▸ **TASK DETAILS**:
Word for word, restate the listing that follows and leave out the images.

START DATA EXTRACT

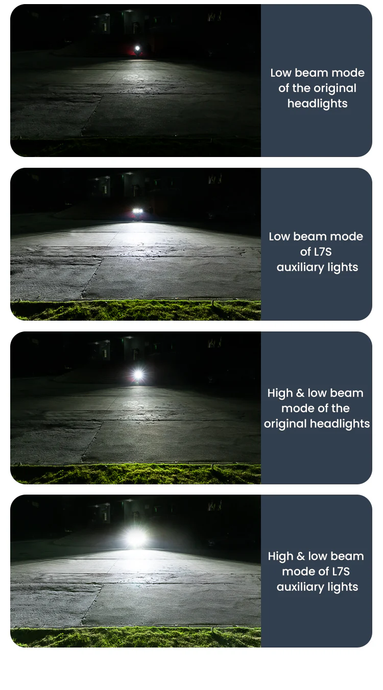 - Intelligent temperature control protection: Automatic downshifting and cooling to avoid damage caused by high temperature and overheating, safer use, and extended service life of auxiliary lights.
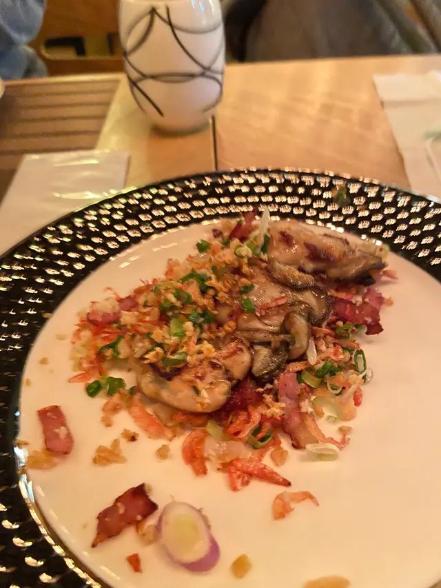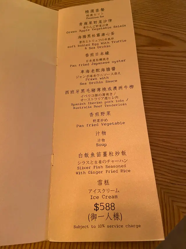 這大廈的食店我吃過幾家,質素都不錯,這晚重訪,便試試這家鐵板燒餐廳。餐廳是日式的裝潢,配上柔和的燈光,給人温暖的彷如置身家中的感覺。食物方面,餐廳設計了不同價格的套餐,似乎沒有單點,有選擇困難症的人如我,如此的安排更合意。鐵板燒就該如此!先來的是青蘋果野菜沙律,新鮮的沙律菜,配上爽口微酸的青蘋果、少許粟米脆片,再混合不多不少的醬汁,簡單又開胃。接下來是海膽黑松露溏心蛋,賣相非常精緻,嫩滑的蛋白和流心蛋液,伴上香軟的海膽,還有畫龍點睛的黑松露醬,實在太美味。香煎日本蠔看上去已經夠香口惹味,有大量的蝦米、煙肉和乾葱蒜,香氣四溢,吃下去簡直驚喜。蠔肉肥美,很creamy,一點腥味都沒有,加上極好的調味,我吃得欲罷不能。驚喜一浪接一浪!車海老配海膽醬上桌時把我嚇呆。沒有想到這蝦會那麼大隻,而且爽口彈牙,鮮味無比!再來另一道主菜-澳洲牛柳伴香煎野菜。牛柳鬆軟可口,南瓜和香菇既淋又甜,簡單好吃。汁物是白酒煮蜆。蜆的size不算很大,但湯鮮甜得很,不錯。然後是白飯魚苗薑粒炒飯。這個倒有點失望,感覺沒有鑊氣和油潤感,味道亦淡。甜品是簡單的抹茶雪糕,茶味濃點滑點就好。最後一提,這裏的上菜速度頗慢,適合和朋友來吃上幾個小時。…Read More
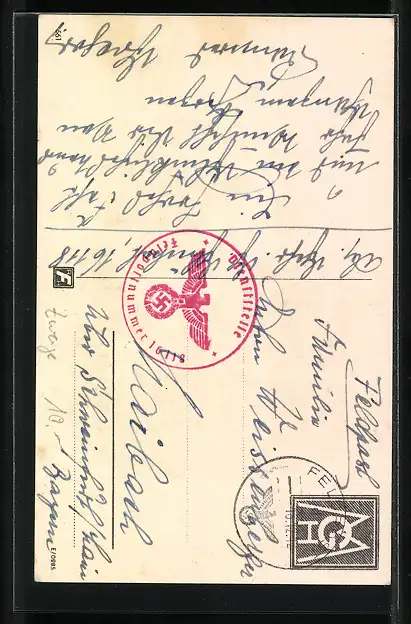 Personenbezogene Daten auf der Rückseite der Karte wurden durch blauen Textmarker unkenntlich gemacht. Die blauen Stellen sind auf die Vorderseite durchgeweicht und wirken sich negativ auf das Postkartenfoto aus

END DATA EXTRACT

▸ **OUTPUT FOR THIS EXERCISE**:
 - Intelligent temperature control protection: Automatic downshifting and cooling to avoid damage caused by high temperature and overheating, safer use, and extended service life of auxiliary lights.
 這大廈的食店我吃過幾家,質素都不錯,這晚重訪,便試試這家鐵板燒餐廳。餐廳是日式的裝潢,配上柔和的燈光,給人温暖的彷如置身家中的感覺。食物方面,餐廳設計了不同價格的套餐,似乎沒有單點,有選擇困難症的人如我,如此的安排更合意。鐵板燒就該如此!先來的是青蘋果野菜沙律,新鮮的沙律菜,配上爽口微酸的青蘋果、少許粟米脆片,再混合不多不少的醬汁,簡單又開胃。接下來是海膽黑松露溏心蛋,賣相非常精緻,嫩滑的蛋白和流心蛋液,伴上香軟的海膽,還有畫龍點睛的黑松露醬,實在太美味。香煎日本蠔看上去已經夠香口惹味,有大量的蝦米、煙肉和乾葱蒜,香氣四溢,吃下去簡直驚喜。蠔肉肥美,很creamy,一點腥味都沒有,加上極好的調味,我吃得欲罷不能。驚喜一浪接一浪!車海老配海膽醬上桌時把我嚇呆。沒有想到這蝦會那麼大隻,而且爽口彈牙,鮮味無比!再來另一道主菜-澳洲牛柳伴香煎野菜。牛柳鬆軟可口,南瓜和香菇既淋又甜,簡單好吃。汁物是白酒煮蜆。蜆的size不算很大,但湯鮮甜得很,不錯。然後是白飯魚苗薑粒炒飯。這個倒有點失望,感覺沒有鑊氣和油潤感,味道亦淡。甜品是簡單的抹茶雪糕,茶味濃點滑點就好。最後一提,這裏的上菜速度頗慢,適合和朋友來吃上幾個小時。…Read More
 Personenbezogene Daten auf der Rückseite der Karte wurden durch blauen Textmarker unkenntlich gemacht. Die blauen Stellen sind auf die Vorderseite durchgeweicht und wirken sich negativ auf das Postkartenfoto aus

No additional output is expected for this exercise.